Was man unbedingt besichtigen muss, wenn man schon mal in der Gegend ist, ist der Colorado provencal. Wir waren schon einmal hier vor 8 Jahren. Doch es ist immer wieder schön. 🌍
Viel schreiben muss man dazu eigentlich nicht. Lassen wir die Bilder sprechen. Allerdings ist eine kleine Änderung zu unserem letzten Besuch erwähnenswert. Damals gab es noch keine Absperrungen. Man konnte also einfach dahin gehen, wo man wollte. Natürlich ist es der Landschaft nicht sehr zuträglich, wenn jeder auf diesem losen Gestein überall herumläuft. Also bin ich grundsätzlich dafür. Es ist aber irgendwie ein anderes Gefühl, auf solch vordefinierten Wegen zu wandeln, denn sich einfach treiben zu lassen.
Vom Parkplatz geht man erst einmal nach rechts in den Teil der Colorado genannt wird
Folgend führt der Weg durch den Wald. Auch hier gibt es immer mal wieder Abbrüche mit buntem Gestein. Man erreicht das Belvédère du Sahara, wovon man einen Überblick über die Landschaft hat.
Ein paar Meter weiter dann Les Cheminées des Fées.
Man steigt wieder ab und durch den Wald, bis man die Le Désert Blanc streift.
Als letzten Wander-Stopp auf der Reise durch den Luberon wählen wir Oppedette. 🌍 Kommt man von Norden, kann man den Ort schon von weitem auf einem Felsen erblicken. Der Ort an sich bietet nichts Überwältigendes. Ausgestorben wirken die schmalen Gassen.
Ein wenig oberhalb ist der Parkplatz zur Besichtigung der Gorges d´Oppedette. Was für ein Ausblick!

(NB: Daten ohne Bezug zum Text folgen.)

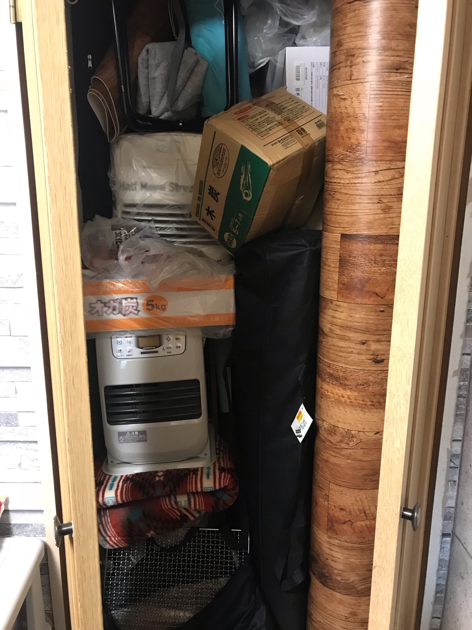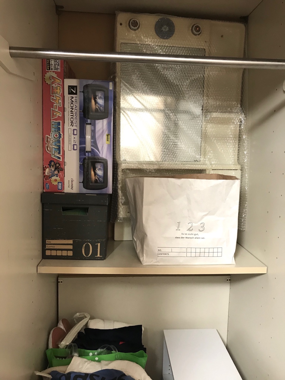 一旦全部出したところで、古くて狭くて仕切りも1枚しかない使いにくいクローゼットですが、ないよりマシです。(笑)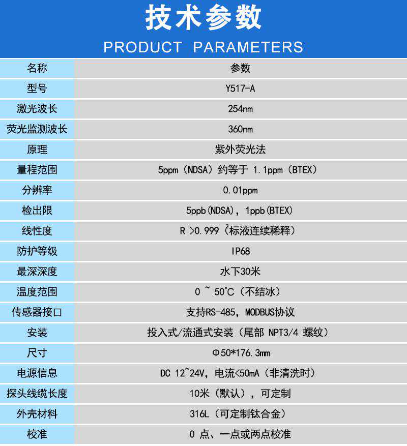 禹山紫外荧光法自清洁水中油传感器介绍: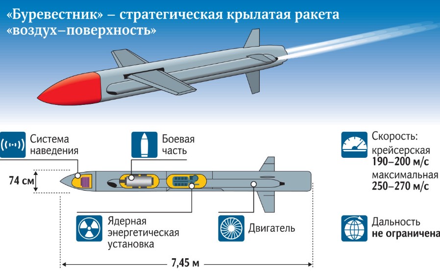 Техничките карактеристики на „Буревестник“ овозможуваат да се користи со загарантирана точност против високо заштитени локации на кое било растојание“, рече Герасимов.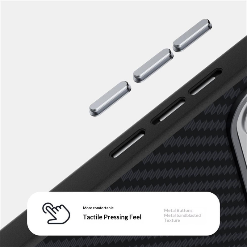 • Combinaison de matériaux premium avec coque en PC, bordure en TPU, alliage d'aluminium, cuir écologique et motif imprimé en fibre de carbone 6D pour un look luxueux et une construction durable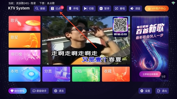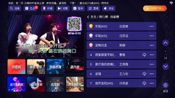 2、我们可以点击排行榜,获取到最近大家都在点歌的内容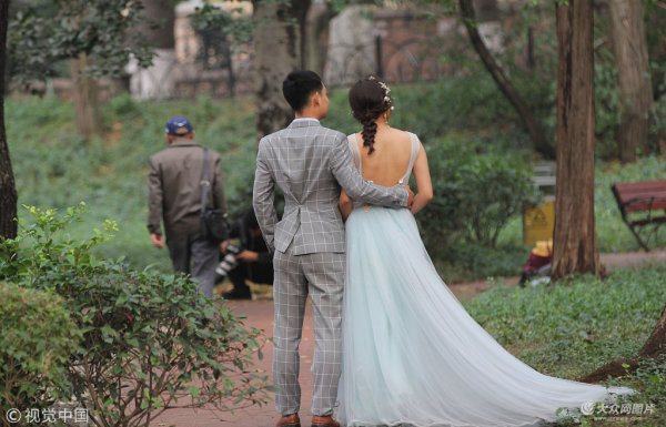 又到金秋婚紗季 青島八大關(guān)吸引眾多新人拍攝婚紗照

Ein steiler Weg führt zum Grund. Wir steigen nur bis La Fontaine du Chaudron ab. Von hier geht es wirklich steil nach unten. Das muss heute nicht mehr sein.
Auf dem Weg zurück halten wir kurz in Viens, um durch den Ort zu tingeln und was zu essen. Viel los ist hier nicht. Es sieht alles noch so aus wie vor hundert Jahren. Doch schön gelegen auf einer Anhöhe.